When Harper Sloan decided to go dairy-free, it wasn’t because of a trend. It was because she felt off—bloated after meals, low on energy, and often battling unpredictable digestion.
For years, she’d chalked it up to stress or poor sleep. But after eliminating dairy for just one week, the difference was so noticeable it was almost unsettling.
“I didn’t realize how much dairy was affecting my gut until I took it out,” Harper says. “Suddenly I wasn’t waking up with that heavy, sluggish feeling.”
Still, switching to dairy-free didn’t come without challenges. “At first, I thought my food would be boring,” she admits. “Yogurt was my comfort, cheese was my reward.” But instead of focusing on what she was losing, Harper started experimenting with ways to make her meals more satisfying—both for her taste buds and her digestion.
She began with simple swaps: coconut milk for cream, nutritional yeast for cheesy flavor, and almond yogurt for breakfast bowls.
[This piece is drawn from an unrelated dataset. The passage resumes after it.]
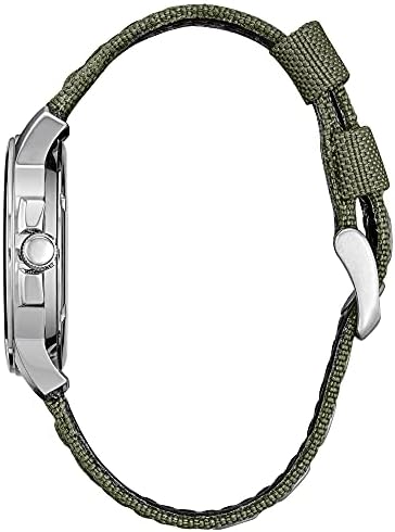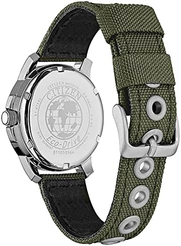 For a rugged look with a comfortable fit, this military-inspired timepiece fits the bill. with a day-date indicator, luminous hands, 37mm screw-back case, and 100M WR. The black dial provides a backdrop for simple Arabic numerals, housed in a stainless steel case along with a woven green strap with patterned stitching and a buckle clasp. Featuring our Eco-Drive technology – powered by light, any light. Never needs a battery. Caliber number E100.

Then, her creativity took over. She found that roasting vegetables in olive oil and finishing them with tahini created a creamy richness she hadn’t expected. Her dairy-free pesto with avocado and basil became a new staple—not just because it tasted good, but because her gut felt good after eating it.
What started as an experiment turned into a lifestyle. Harper began noticing fewer stomach issues, improved skin, and steadier moods. “I wasn’t chasing perfection,” she says. “Just meals that worked with my body, not against it.”
Now, her kitchen is full of color, texture, and flavor—and not a trace of dairy. “It’s not about restriction,” Harper adds. “It’s about making room for what helps you thrive.”